La fotografia di Michele D’Attanasio esalta Capri in tutta la sua bellezza selvaggia e i corpi nudi durante le danza , seppur esposti integralmente, non risultano mai volgari o frutto di voyeurismo. Finalmente! Ancora una volta i protagonisti di Martone sono giovani, come a voler raccontare – indirettamente – un’Italia giovanile d’oggi che sente la spinta ad interrogarsi, a cambiare il rapporto tra individualità e collettività.
Film riuscito? Capri-Revolution è un lavoro diseguale e allo stesso tempo affascinante e misterioso, che ha il merito di essere umanista e utopico allo stesso tempo: Lucia – nome che ricorda Manzoni – è la nuova rivoluzionaria (da qui il titolo) perché ama ciò in cui si imbatte, il “nuovo” rappresentato dalla comunità di intellettuali dediti all’arte, alla ricerca filosofica e al rifiuto di regole imposte, e lotta contro il “vecchio”, incarnato dai rapporti familiari.

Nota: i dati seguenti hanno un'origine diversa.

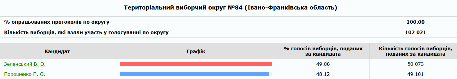 Центральна виборча комісія опрацювала 100% протоколів Тисменицького ТВО №84 (місто Бурштин, частина Івано-Франківська, Тисменицький, Тлумацький райони, частина Галицького району)
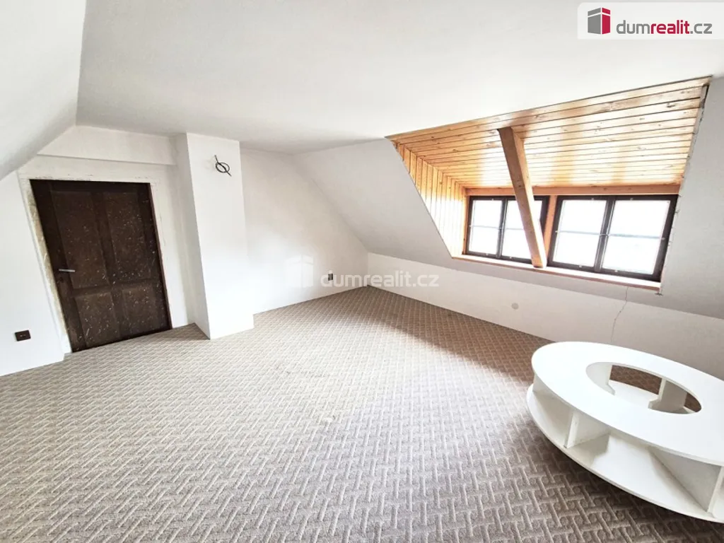 Přízemí domu o zastavěné ploše 174 m² disponuje prostornou místností s původním určením pro hostinec, doplněnou o dvě menší skladové místnosti. Dále zde naleznete kuchyň, dva obytné pokoje, koupelnu a dvě samostatné toalety. Samostatným vchodem v levé části přízemí se dostanete do útulného podkrovního bytu 1+1 s vlastní koupelnou a WC. Ideální pro samostatné bydlení člena rodiny nebo na pronájem. Část podkroví zůstává neupravena, nyní slouží jako úložný prostor. Do budoucna má potenciál pro rozšíření obytné části. Celý dům je pečlivě odizolován, vytápění je řešeno kombinací plynových topidel a elektrického topení, teplou vodu pak zajišťují spolehlivé elektrické průtokové ohřívače.

Un’ultima riflessione. Ogni rivoluzione porta con sé una propria valenza politica: si può allora anche pensare che “Capri-Revolution” è, per certi versi, magari inaspettatamente, anche un film politico: sulla tolleranza, l’integrazione, il progresso, e che ripropone l’eterna dialettica tra tradizione e rinnovamento.